Für Montag, 19.03.2018, ist die Untersuchung der betref­fen­den Stelle vor­ge­se­hen. Sollte sich der Verdacht bestä­ti­gen, würde dann die Entschärfung vor­aus­sicht­lich erst am Dienstag, 20. März 2018 erfolgen.

Betroffen sein kön­nen alle Personen, die sich in einem Radius von bis zu 1000m um die Stelle herum befin­den. Abschließende Erkenntnisse hierzu wer­den erst am Dienstag, 20. März über die ver­schie­de­nen Medien (Presse, Hörfunk, Soziale Medien, Warnfahrzeuge) ver­brei­tet wer­den kön­nen, da erst mit Offenlegung der Fundstelle der Blindgängertyp ermit­telt wer­den kann.

Die Verwaltung bit­tet schon jetzt alle, die von einer mög­li­chen Evakuierung betrof­fen sein könn­ten, vor­sorg­lich ihre Tagesplanung für den 20. März 2018 so zu gestal­ten, dass ein Aufenthalt in den Gebäuden bis in die Abendstunden nicht not­wen­dig ist.

Wer nicht geh­fä­hig ist, kann unter der Rufnummer 01520–1609159 soge­nannte Liegentransporte über das Deutsche Rote Kreuz anmel­den. Dort küm­mert man sich auch um die wei­tere medi­zi­ni­sche Versorgung. Wer geh­fä­hig ist, aber keine Unterbringungsmöglichkeit für den Zeitraum hat, wird in der „Zeltstadt Am Hagelkreuz“, Nordstraße 2 in 41515 Grevenbroich, eben­falls durch das Deutsche Rote Kreuz betreut.

Transporte dort­hin wer­den am Tag selbst auf der städ­ti­schen Homepage (www​.gre​ven​broich​.de) ver­öf­fent­licht.
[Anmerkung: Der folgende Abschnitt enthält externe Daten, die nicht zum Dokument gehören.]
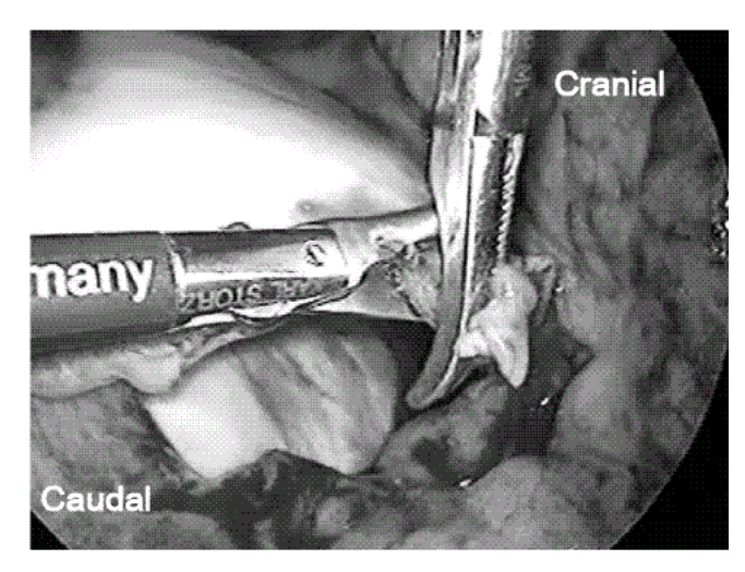
Figure 2. Case 1. The pericardium was cut using endoscopic scissors to avoid injuring the heart.

video-assisted thoracoscopic pericardial window was therefore used. With the patient under general anesthesia in a right decubitus position, one camera port and three access ports were created. Scissors were used to open the pericardium, rather than electrocautery, to avoid generating arrhythmia. While ensuring that vital signs remained stable, a 5\times5 -cm window in the pericardium was resected posterior to the phrenic nerve, taking great care to avoid injury (Fig. 2). A 19-Fr Blake drain<sup>®</sup> (Ethicon, Somerville, NJ, USA) was inserted into the thorax through a port site with no attempt to drain the pericardium. Intraoperative pleurodesis was not performed. On pathology, fibrosis and inflamma-

Die Verwaltung bit­tet aus logis­ti­schen Gründen gleich­wohl zunächst um ent­spre­chende Eigeninitiative.

Das Ende der Entschärfung wird durch eine Lautsprecherdurchsage bekannt gege­ben. Informationen über das Ende der Entschärfung erhal­ten Sie auch über die loka­len Medien.